The working titles and my best recollection for running times are:

1. The Dumb Fish (3:30)
This one is jazzy and catchy.  There's some very "tight" playing here.
2. Horse-Shaped Cloud (formerly Underscore) (4:30)
This one goes from (a) a perky theme that reminded me of the great band Deerhoof to (b) maybe the most intense and Anglagardian idea we've ever done back to the perky theme (a), but this time more in a country music sort of way.  Surprisingly it doesn't feel too disjointed.  The song is about flying in a hot-air balloon, then getting blown around by a horse-shaped cloud, then landing safely.  Though there are only two lines to the lyrics, the music will help tell the story.

3. Miracle Pigeon (2:30)
A soundtrack to a nonexistent comic book about a superhero pigeon.  I actually wanted get someone to do an animated cartoon to this, but there probably won't be enough time.
4. East is Fort Orthodox (6:00)
This is a murky prequel to the next song.
5. Secret Crevice (maybe to be renamed Stealth Cantiri) (5:00)
This one doesn't let up at all from beginning to end.  Very intense, very dark, very fast, very tricky, and very fun.  I added some mellotron parts that really hit the spot too.  This would make a great show-opener, maybe with the preceding track.
6. Tragic Penguin (7:00)
The entire track is built around an improvisation I did on electric piano on November 17, 2007.  It was a lot of fun to build stuff around it, and sometimes I think this is actually a genuinely progressive way to make music.
7. Catapult (10:00)
Requisite offspring of "Birds Flying Into Buildings" or "Battalion."  10 minutes of 20-second ideas, one after the other.  But there is some design- it's not completely randomly arranged, anyway.
8. Aviator Prosco (10:00)
Yes, that's "progressive disco" and to make matters worse for closed-minded prog fans, this one starts out with a very breezy jazz feel very unlike everything we've done before, but the kind of thing that Brian and Malcolm are great at playing.  The evolution from jazz to disco is fun, and the chord sequence for this song is very Tony Banksian, even though Brian wrote almost half the song and has never really cared much for the one Genesis album (A Trick of the Tail) I lent him.

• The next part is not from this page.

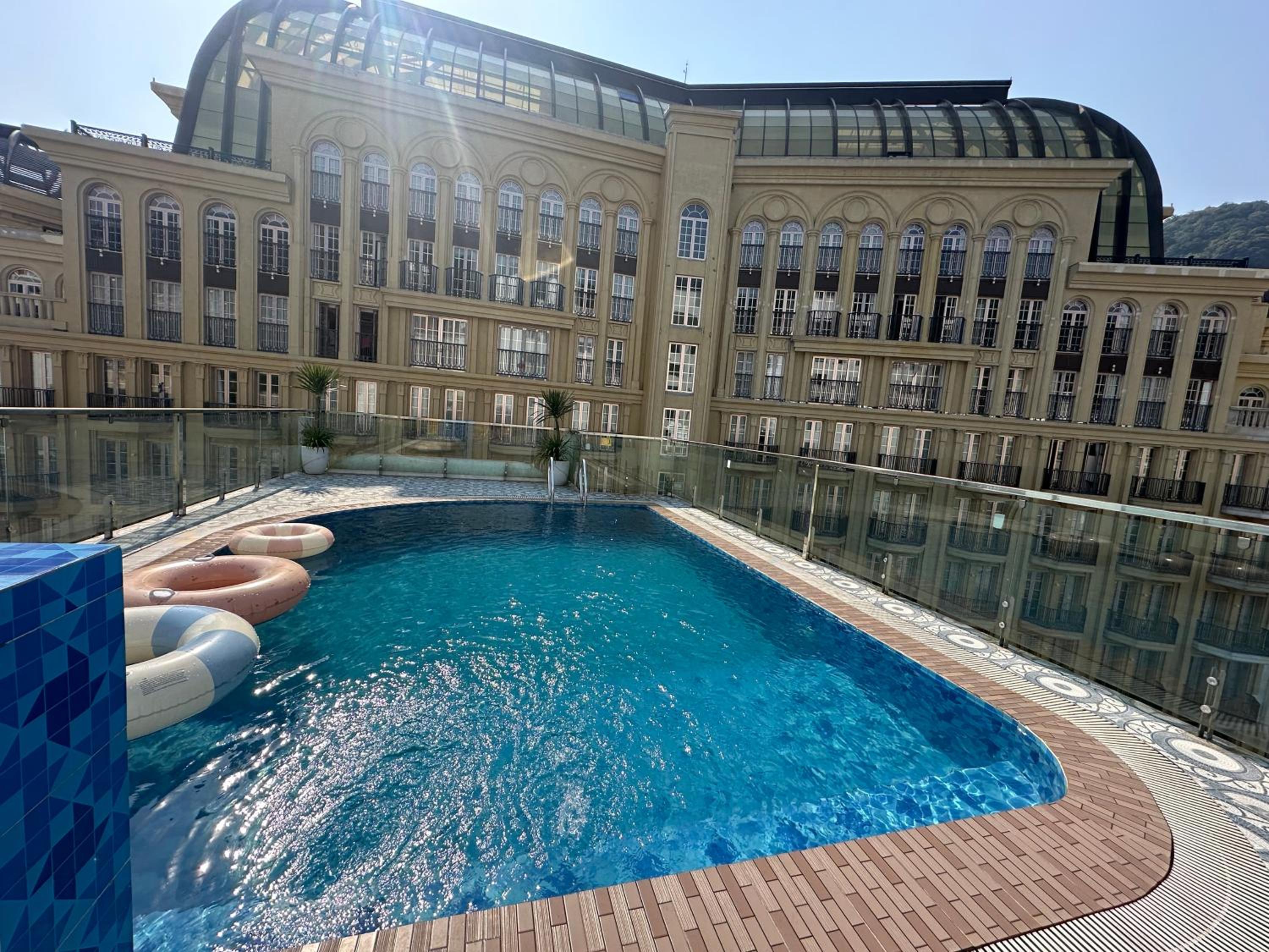 Luxurious Outdoor Swimming Pool: Enjoy a refreshing dip in our outdoor swimming pool, perfect for relaxation and leisure.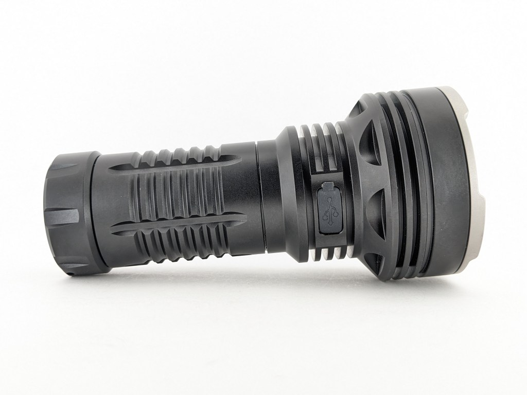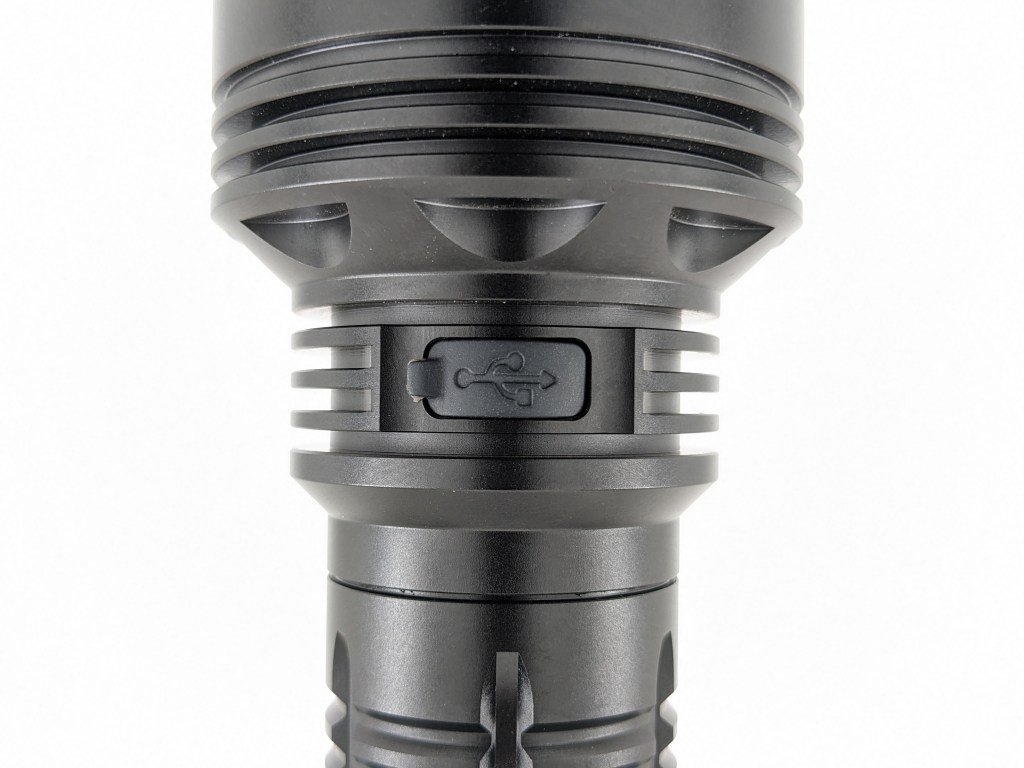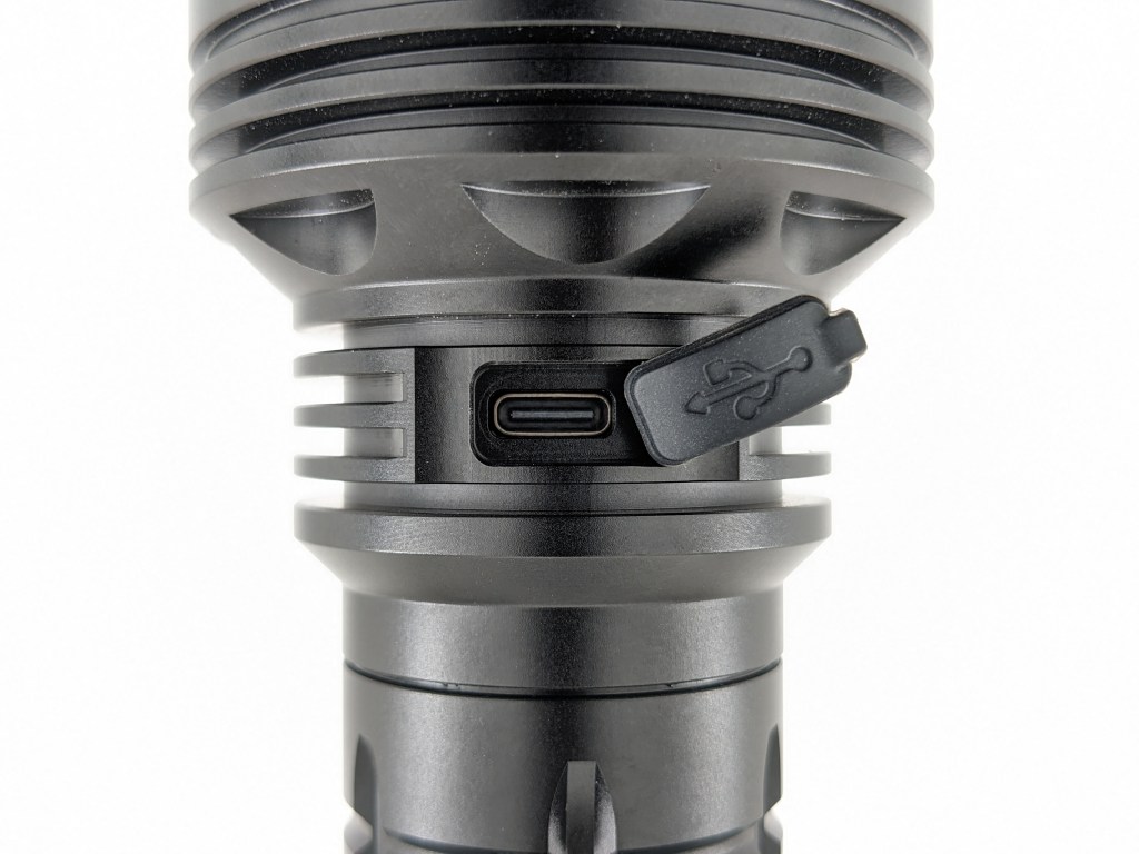 Charging is facilitated by a USB-C port on the side of the head, sealed with a rubber port cover. Both A-to-C and C-to-C charging cables work just fine. The light is fully functional while plugged in, but brightness is limited if the battery is disconnected. There is a powerbank function and I was able to charge my smartphone directly from the flashlight.

9. Abonimable Pelican (14:00) (former working title was "Acoustic Techno")
This is built around a very simple theme that Malcolm improvised against, and then I built some completely different stuff around what Malcolm recorded.  It's still in the early stages, but it's probably going to be a good way to end the album, even though the diversions into hardcore funk aren't exactly what we're known for.